Friday, January 14, 2011

3x2 mile at Dilworth Speed Loop

Goal:
3x2 Mile at Same Pace or Faster than last time (5:40-5:45 pace)

Actual:
4.1 miles warmup
3x2 Mile at 11:33 (5:47/5:45), 11:33 (5:46/5:47), and 11:30 (5:50/5:40)
2 miles cooldown

Before I start with anything else, admittedly, this workout went much better than I had expected. Considering that the last week of the year I had to take two days off due to an IT Band pain in my knee, I was skeptical of whether my leg would hold up during this workout. Fortunately, things seemed to be looking up for me because last night I ran for the first time in over two weeks entirely pain free. Jordan and I ventured up and down hills throughout the Dilworth neighborhoods, which also indicated that my IT Band was feeling better since it was holding up over hills. I will credit my Physical Therapist at Carolinas Rehab for getting me back to a pain free state.

Regardless, Jordan nursed his Achilles back to normal health and was game for working out with me. Typical of Jordan, he immediately agreed, without a second thought, to working out with me on Friday night. We warmed up on the Sugar Creek Path and through Dilworth for four miles and then dropped our stuff off at Rebecca's porch, even though she is in Africa. From our Thursday run, Jordan and I were expecting three patches of ice that were about 5-10m in length. At these parts, we would be forced to run defensively and with tentative, slower steps than on the other surfaces.

For the first interval, my breathing felt more labored than it should be and I hoped that I could maintain an average of 5:45 for the entirety of the workout. It was frustrating to slow down on the patches of ice, and I told myself that I would be running faster if the ice wasn't getting in my way. However, I did not want the ice to be an excuse for not hitting my goal times, so Jordan lead the way for us to still hit an average of 5:45.

After we finished this set, Jordan and I both agreed that my breathing was labored so he told me to focus on pushing the uphills on the second set and to focus on the downhills on the third set. This method would hopefully get my mind less focused on the pace, and more on my form and other, less stressful things.

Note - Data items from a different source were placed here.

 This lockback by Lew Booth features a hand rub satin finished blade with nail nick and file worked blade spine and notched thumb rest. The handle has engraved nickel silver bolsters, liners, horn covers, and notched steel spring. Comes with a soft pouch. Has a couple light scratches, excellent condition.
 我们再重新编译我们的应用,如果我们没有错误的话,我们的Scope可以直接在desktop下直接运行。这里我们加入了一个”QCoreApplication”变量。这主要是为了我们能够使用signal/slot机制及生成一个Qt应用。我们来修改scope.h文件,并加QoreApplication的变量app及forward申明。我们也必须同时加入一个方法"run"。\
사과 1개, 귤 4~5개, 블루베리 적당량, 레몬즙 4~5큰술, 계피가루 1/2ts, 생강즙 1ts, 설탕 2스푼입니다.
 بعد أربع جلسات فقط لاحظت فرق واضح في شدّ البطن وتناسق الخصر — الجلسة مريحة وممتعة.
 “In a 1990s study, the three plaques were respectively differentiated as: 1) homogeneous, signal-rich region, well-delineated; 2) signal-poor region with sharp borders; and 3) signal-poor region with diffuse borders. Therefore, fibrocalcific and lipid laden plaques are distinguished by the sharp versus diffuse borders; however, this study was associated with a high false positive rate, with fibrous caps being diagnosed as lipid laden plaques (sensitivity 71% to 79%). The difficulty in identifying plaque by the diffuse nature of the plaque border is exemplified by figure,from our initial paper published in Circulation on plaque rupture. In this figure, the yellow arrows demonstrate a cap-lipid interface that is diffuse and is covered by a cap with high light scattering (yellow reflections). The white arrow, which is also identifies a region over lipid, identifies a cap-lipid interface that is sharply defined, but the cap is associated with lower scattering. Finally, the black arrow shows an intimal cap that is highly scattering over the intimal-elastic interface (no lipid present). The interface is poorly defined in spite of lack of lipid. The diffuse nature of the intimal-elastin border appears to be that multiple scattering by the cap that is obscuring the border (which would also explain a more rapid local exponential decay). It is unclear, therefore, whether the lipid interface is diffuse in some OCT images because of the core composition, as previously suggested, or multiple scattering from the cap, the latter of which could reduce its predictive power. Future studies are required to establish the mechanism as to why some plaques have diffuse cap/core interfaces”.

By the second and third sets, I was more relaxed and tucking in behind Jordan as he did all of the work. I didn't really like focusing on the uphills because it seemed that the majority of the loop was uphill as opposed to downhill, but it did help me keep rolling. We finished up and I was really pleased that 1) I had hit my goal times and that 2) my IT Band hadn't bothered me at all! On the third set, we ran both the slowest split of the day (5:50) and the fastest split of the day (5:40). What was great about the workout is that each set was around the same total time, but each was run with a completely different strategy which allowed my mind to practice more techniques and allowed my body to adjust accordingly to changes in pace.

After we picked up the remainder of our warm weather gear, Jordan and I cool down 2 miles back to my house, where we stretched, ate dinner, and hung out with John and Anne Marie. We watched Inception on Bluray.

15 Days until USA Half Marathon Championships!